2. prolonged jaundice.
3.part of prenatal workup or neonatal screening.
The most common manifestations are Respiratory: repeated chest infections with staph.aureus, pseudomonas auerogenosa and
H. infleunzae leading to progressive lung disease with

Bronchiaectasis, clubbing, abscess formation, hemoptysis and eventually Cor pulmonale.
Gastrointestinal : Malabsorption of fat and protein due to pancreatic insufficiency and abnormal mucus gland secretions in the GI tract occur in 90% of patients, this results in fatty stools, fat soluble vitamin deficiencies, failure to gain weight and retarded growth. Rectal prolapse, biliary cirrhosis, and portal hypertension may complicate the disease.

Metabolic: Frank diabetes occur in 2% of children with CF. Salt depletion can occur as a result of hot climate.
Arthropathy: Reduced joint mobility with pain occur in 1-2% of children with CF.
Reproductive: Virtually all males are sterile and females have reduced fertility.
Nasal: chronic sinusitis is seen in all patients and nasal polyps occur in 5% of all patients.

Cystic fibrosis Diagnosis
Diagnostic criteria for CF include:
Positive sweat test.
Typical pulmonary manifestations.
Typical gastrointestinal manifestations.
Positive family history.
The sweat test is positive if the chloride concentration of sweat exceeds 60meq./L.

Cystic fibrosis Diagnosis
DNA testing is available for the 150 common CF mutations. The indications are:
If adequate amount of sweat for analysis cannot be collected.
If sweat test results are borderline.
If sweat test results do not correlate with the clinical symptoms.
For prenatal diagnosis.

Cystic fibrosis Therapy
Treatment of respiratory problems :
A. Antibiotics
1. oral: antistaphylococcal
2. aerosolized aminoglycoside
3. Intravenous therapy for 10-21 days in cases of pneumonia, aminoglycoside and semi synthetic penicillin or a third generation cephalosporin.
B. Other drugs bronchodilators, mucolytics and steroids can be used.

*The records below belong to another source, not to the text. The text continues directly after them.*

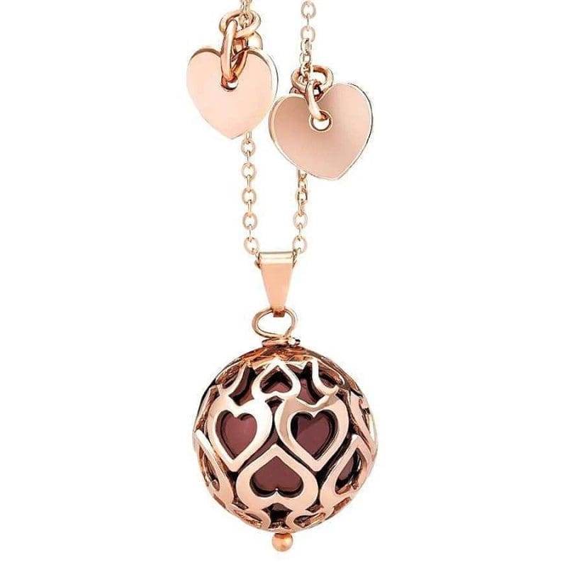 COLGANTE: Bola calada con corazones pulida con baño oro rosa e interior color burdeos – 14mmØ
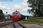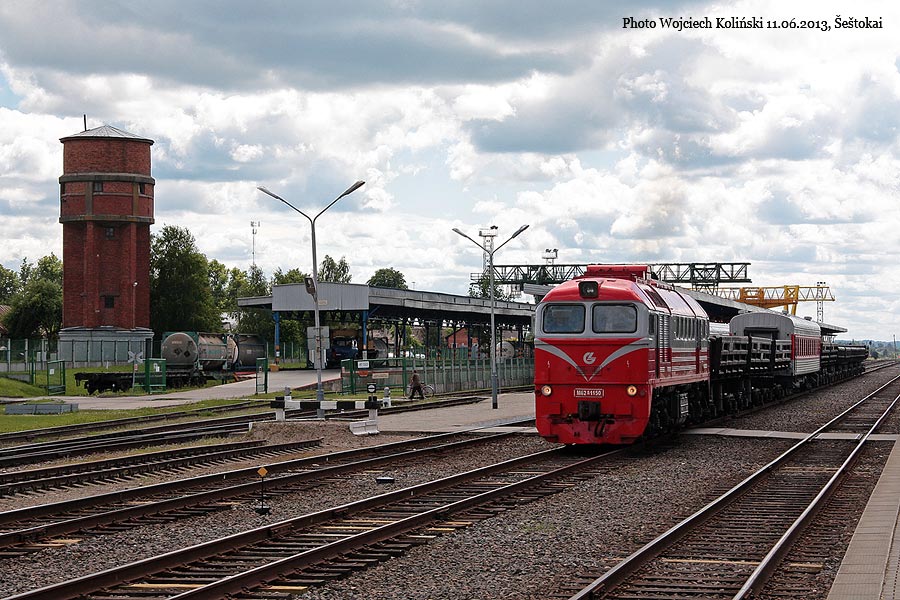Lietuvos Gelezinkeliai (LG) M62K-1150 with the working train from Mockava 11.06.2013, Sestokai Photo W. Kolins |
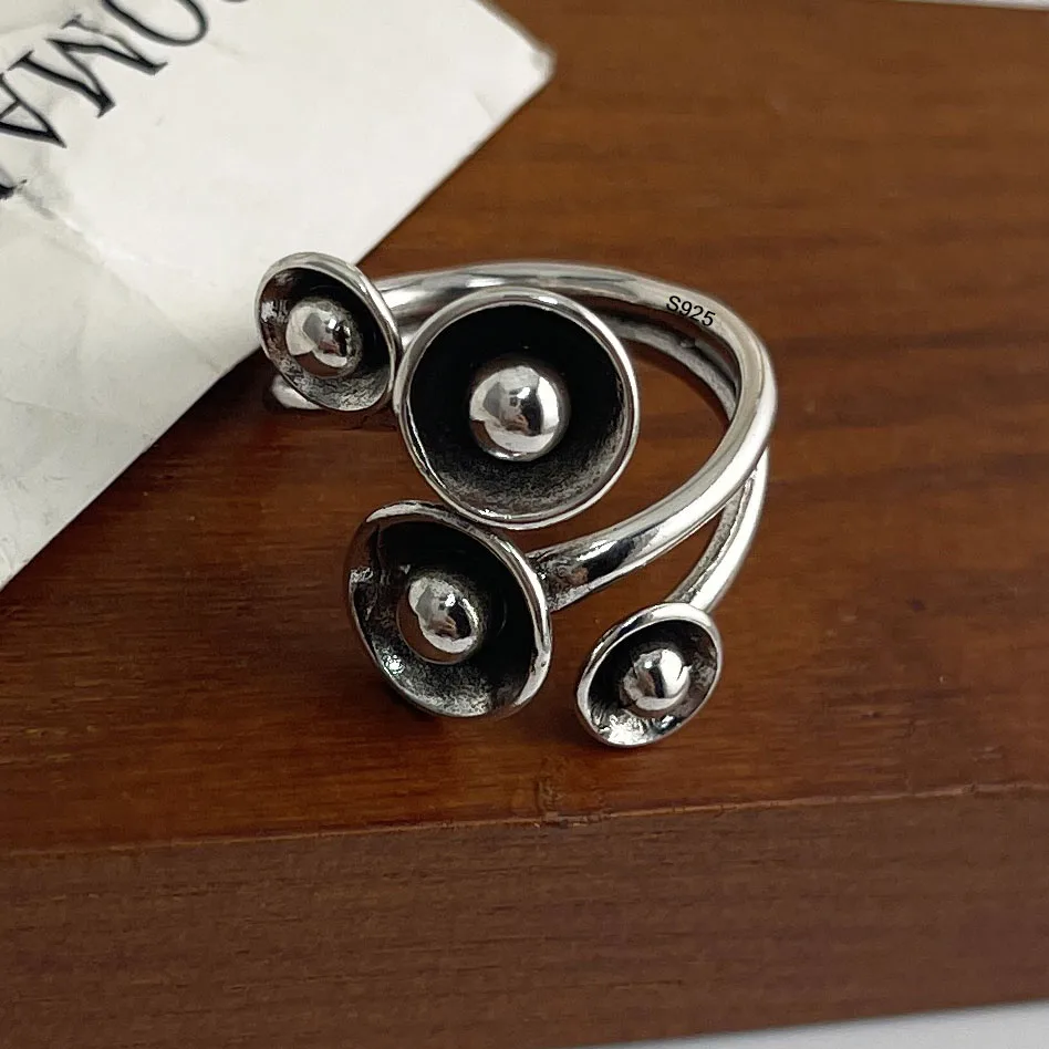 925 Sterling Silver Rings For Women Geometric Fine Jewelry Finger Adjustable Simple Retro Flower Ring For Party Birthday Gift
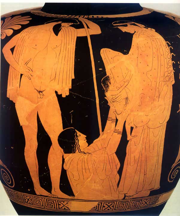 ΤΟ ΒΡΕΦΟΣ ΤΗΣ ΓΑΙΑΣ: Για τον Ερεχθέα, ο οποίος ταυτίζεται με τον Εριχθόνιο, υπάρχουν πολλοί μύθοι, που σχετίζονται με τις ιστορικές απαρχές της πόλης των Αθηνών. Όσοι από τους Έλληνες εχθρεύονταν τους Αθηναίους, διέδιδαν τον ασεβή μύθο πως ο Ερεχθέας ήταν γιος της Αθηνάς και του Ήφαιστου. Έλεγαν, πως σαν μπήκε στο εργαστήριο του Ολύμπιου τεχνίτη, η Αθηνά για να ζητήσει καινούρια άρματα, εκείνος θέλησε να σμίξει μαζί της ερωτικά. Εκείνη τον απέφυγε και τον κράτησε μακριά με το δόρυ της, μα ο σπόρος του χωλού σιδηρουργού έπεσε στη γη και έγινε η αιτία να γεννηθεί ο Ερεχθέας. Ο Ερεχθεύς ήταν γιος του Ηφαίστου και της Γαίας, ισχυρίζεται ο Όμηρος. Η μητέρα του τον παρέδωσε στην Αθηνά για να τον αναθρέψει.

C. Chest physiotherapy like breathing exercises, postural drainage, and active cycles of breathing to aid the clearance of viscid secretions.
Treatment of digestive problems
1. pancreatic enzymes before each meal.
2. high calorie, high protein diet.
3. vitamin supplementation specially fat soluble ones.
4. stool softener
5. Antacid and H2 receptor antagonists.

Treatment of complications
like muconium ileus by surgery or muconium ileus equivalent by acetylcysteine enemas or pneumothorax by chest tube.

Pediatrics 5th year, 7th lecture/part one (Dr. Adnan)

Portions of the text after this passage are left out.